La question centrale, c’est la sécurité. Le Maroc est extrêmement strict sur tout ce qui touche aux armes et à la pratique de la chasse. On l’a vécu très concrètement lors de nos deux déplacements, en mai et en décembre 2025. La première fois, arriver dans le pays avec des arcs dans un contexte de chasse a posé de vrais problèmes à l’aéroport marocain. Pourtant, les arcs entrent régulièrement pour le tir sportif ou le loisir, mais dès que le mot chasse est associé, les contrôles deviennent beaucoup plus lourds.
En décembre, la situation avait déjà évolué. Sans qu’aucune décision officielle n’ait été prise, on sentait que des consignes avaient circulé. Le passage en douane s’est fait beaucoup plus facilement, ce qui montre que le travail engagé dès le mois de mai avait déjà commencé à produire des effets.
Dans quel cadre officiel se sont déroulées vos interventions au Maroc ?

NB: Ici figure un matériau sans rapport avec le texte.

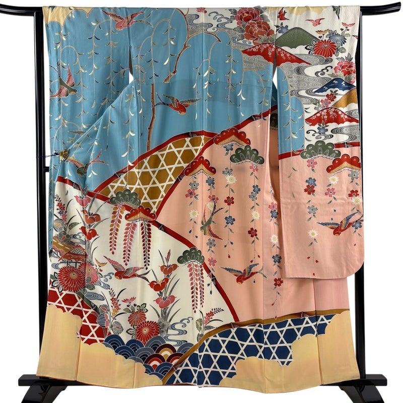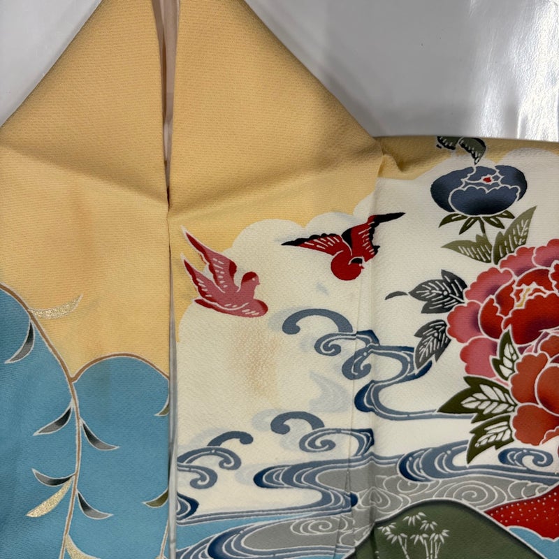 【着物ランク】優品 【素材】正絹 【身丈】約158.5cm 【裄丈】約65cm 【袖丈】約111cm 【袖幅】約34cm 【前幅】約24.5cm 【後幅】約29.5cm 【サイズ】M 【着物仕立て】袷 【着用時期】10~5月 【状態ランク】ランクB 【着物着用シーン】成人式、謝恩会

Nous étions quatre consultants bénévoles invités par les autorités marocaines à l’occasion de la fête de la chasse de Béni Mellal, dans le Moyen-Atlas. Pendant plusieurs jours, nous avons enchaîné réunions, ateliers et échanges avec l’ANEF, l’Agence Nationale des Eaux et Forêts, mais aussi avec les principaux organisateurs de chasses touristiques du pays. Il y avait même un représentant ministériel, ce qui montre à quel point le sujet est pris au sérieux.
L’objectif n’était pas d’arriver avec un modèle clé en main, mais de présenter ce qui se fait en Europe, d’expliquer comment la chasse à l’arc est encadrée ailleurs, et surtout d’écouter les contraintes marocaines. Tout devait s’inscrire dans leur propre culture cynégétique et leur cadre légal.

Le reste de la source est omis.